Some real wordl examples of recommendation systems:
- Netflix recomends movies you might want to watch
- Amazon recommends products you might want to buy
- X (Twitter) recommends users you might want to follow

In [4]:
users_interests = [
  ["Hadoop", "Big Data", "HBase", "Java", "Spark", "Storm", "Cassandra"],
  ["NoSQL", "MongoDB", "Cassandra", "HBase", "Postgres"],
  ["Python", "scikit-learn", "scipy", "numpy", "statsmodels", "pandas"],
  ["R", "Python", "statistics", "regression", "probability"],
  ["machine learning", "regression", "decision trees", "libsvm"],
  ["Python", "R", "Java", "C++", "Haskell", "programming languages"],
  ["statistics", "probability", "mathematics", "theory"],
  ["machine learning", "scikit-learn", "Mahout", "neural networks"],
  ["neural networks", "deep learning", "Big Data", "artificial intelligence"],
  ["Hadoop", "Java", "MapReduce", "Big Data"],
  ["statistics", "R", "statsmodels"],
  ["C++", "deep learning", "artificial intelligence", "probability"],
  ["pandas", "R", "Python"],
  ["databases", "HBase", "Postgres", "MySQL", "MongoDB"],
  ["libsvm", "regression", "support vector machines"]
]

## Manual Curation

Before the digital age, most of the recommendation has been done by the   
knoweldge of curators.

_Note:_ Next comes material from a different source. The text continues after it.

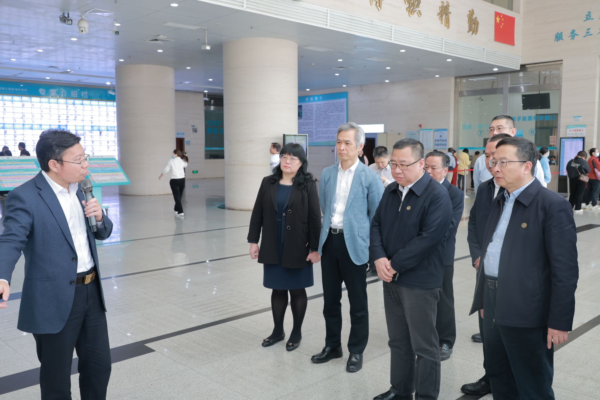 4月3日上午,朱孔军书记高松校长一行来到中山三院粤东医院调研,听取医院工作汇报,并与现场的一线干部职工交流,勉励大家进一步做好医院各项工作,发挥中大和三院的资源优势,扩大服务和培训范围,努力培养优秀医学人才,造福人民群众。

For example in library, the librarian who will give    
recommendation which books to be read for a specific topic, or using card catalog

## Recommending What's Popular

In [5]:
popular_interests = Counter(interest for user_interests in users_interests
                            for interest in user_interests)
popular_interests

Counter({'Python': 4,
         'R': 4,
         'Big Data': 3,
         'HBase': 3,
         'Java': 3,
         'statistics': 3,
         'regression': 3,
         'probability': 3,
         'Hadoop': 2,
         'Cassandra': 2,
         'MongoDB': 2,
         'Postgres': 2,
         'scikit-learn': 2,
         'statsmodels': 2,
         'pandas': 2,
         'machine learning': 2,
         'libsvm': 2,
         'C++': 2,
         'neural networks': 2,
         'deep learning': 2,
         'artificial intelligence': 2,
         'Spark': 1,
         'Storm': 1,
         'NoSQL': 1,
         'scipy': 1,
         'numpy': 1,
         'decision trees': 1,
         'Haskell': 1,
         'programming languages': 1,
         'mathematics': 1,
         'theory': 1,
         'Mahout': 1,
         'MapReduce': 1,
         'databases': 1,
         'MySQL': 1,
         'support vector machines': 1})

With `popular_interests`, we can just suggest to a user the most popular interests   
that he's not already interested in:

In [6]:
def most_popular_new_interests(user_interests: List[str], 
                                max_results: int = 5) -> List[Tuple[str, int]]:
  suggestions = [(interest, frequency)
                  for interest, frequency in popular_interests.most_common()
                    if interest not in user_interests]
  
  return suggestions[:max_results]

In [7]:
# popular recommendations that are new for user 1 (users_interests[1])
print(users_interests[1])
most_popular_new_interests(users_interests[1])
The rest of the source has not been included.